**Problem requirements**
Nothing but text lines should be duplicated: start with the first line of the listing below and stop after the line holding "さらに、昨年も展開されたクリ", omitting pictures.

-------- Data below --------

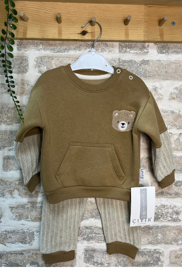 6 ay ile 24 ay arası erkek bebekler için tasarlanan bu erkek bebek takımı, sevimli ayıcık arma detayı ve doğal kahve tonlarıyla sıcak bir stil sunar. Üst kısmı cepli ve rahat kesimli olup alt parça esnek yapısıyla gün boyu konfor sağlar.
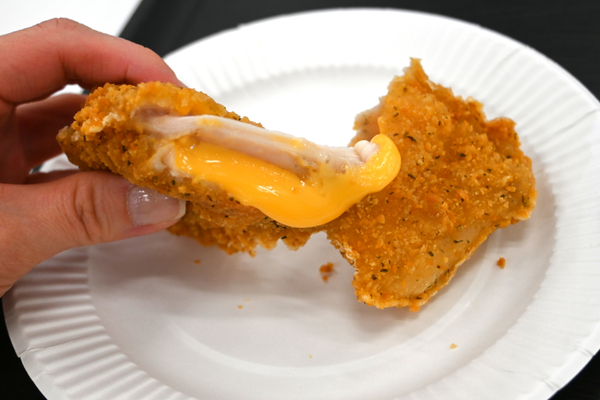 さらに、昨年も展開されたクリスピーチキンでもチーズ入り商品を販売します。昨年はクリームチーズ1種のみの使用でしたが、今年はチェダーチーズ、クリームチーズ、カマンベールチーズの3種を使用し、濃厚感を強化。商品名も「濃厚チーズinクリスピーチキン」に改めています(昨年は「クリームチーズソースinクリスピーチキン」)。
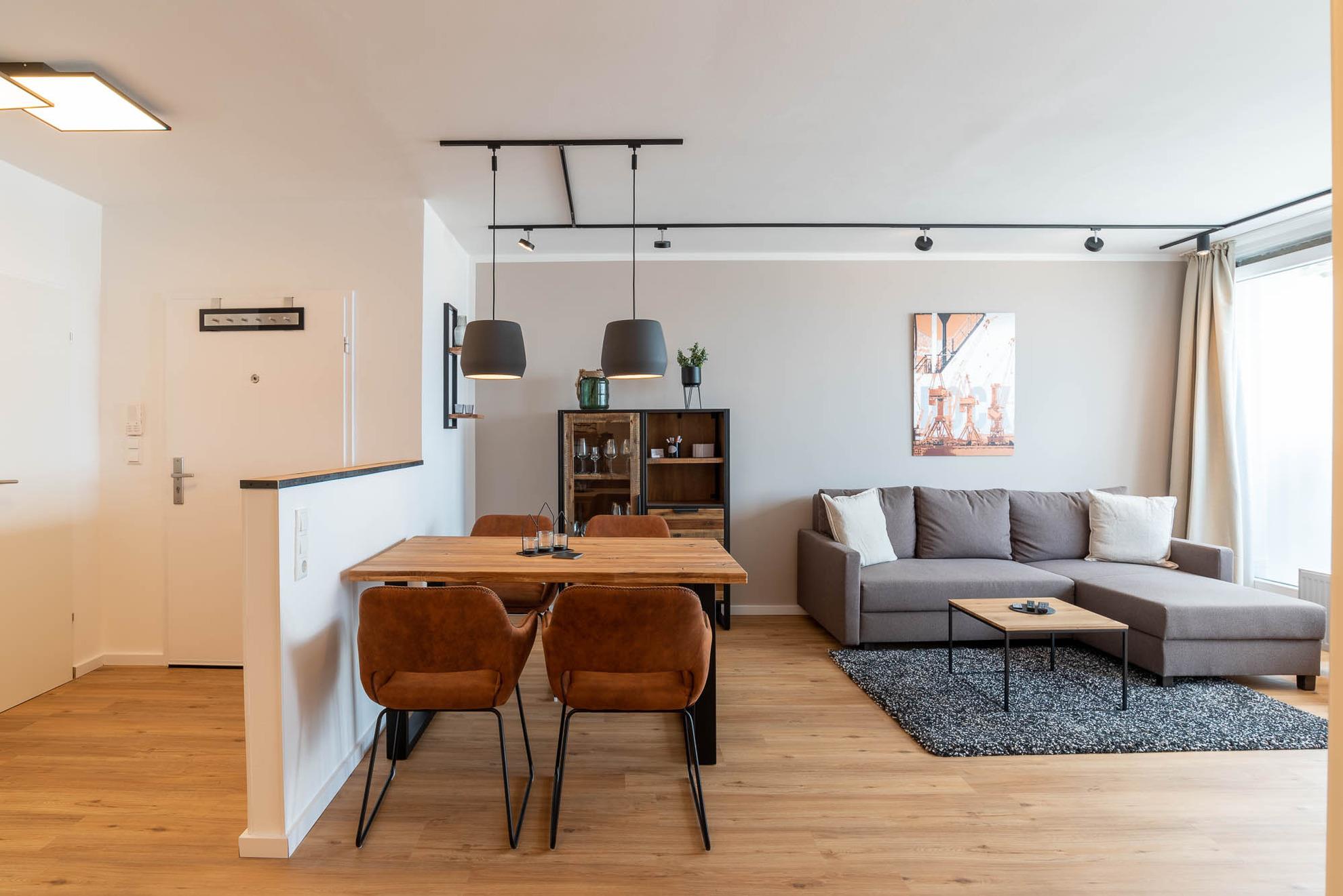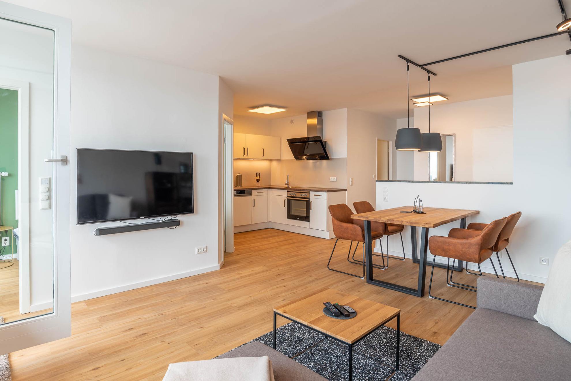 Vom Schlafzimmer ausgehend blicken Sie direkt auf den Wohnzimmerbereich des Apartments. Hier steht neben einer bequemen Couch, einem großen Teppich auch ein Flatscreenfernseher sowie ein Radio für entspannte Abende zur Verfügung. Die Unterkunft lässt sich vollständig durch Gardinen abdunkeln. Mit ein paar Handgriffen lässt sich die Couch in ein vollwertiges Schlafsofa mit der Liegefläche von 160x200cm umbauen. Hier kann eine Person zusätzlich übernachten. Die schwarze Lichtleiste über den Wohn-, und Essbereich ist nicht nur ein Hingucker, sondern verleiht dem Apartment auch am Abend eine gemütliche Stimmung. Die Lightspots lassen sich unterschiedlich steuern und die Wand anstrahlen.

--------

**Answer to the problem**
 6 ay ile 24 ay arası erkek bebekler için tasarlanan bu erkek bebek takımı, sevimli ayıcık arma detayı ve doğal kahve tonlarıyla sıcak bir stil sunar. Üst kısmı cepli ve rahat kesimli olup alt parça esnek yapısıyla gün boyu konfor sağlar.
 さらに、昨年も展開されたクリスピーチキンでもチーズ入り商品を販売します。昨年はクリームチーズ1種のみの使用でしたが、今年はチェダーチーズ、クリームチーズ、カマンベールチーズの3種を使用し、濃厚感を強化。商品名も「濃厚チーズinクリスピーチキン」に改めています(昨年は「クリームチーズソースinクリスピーチキン」)。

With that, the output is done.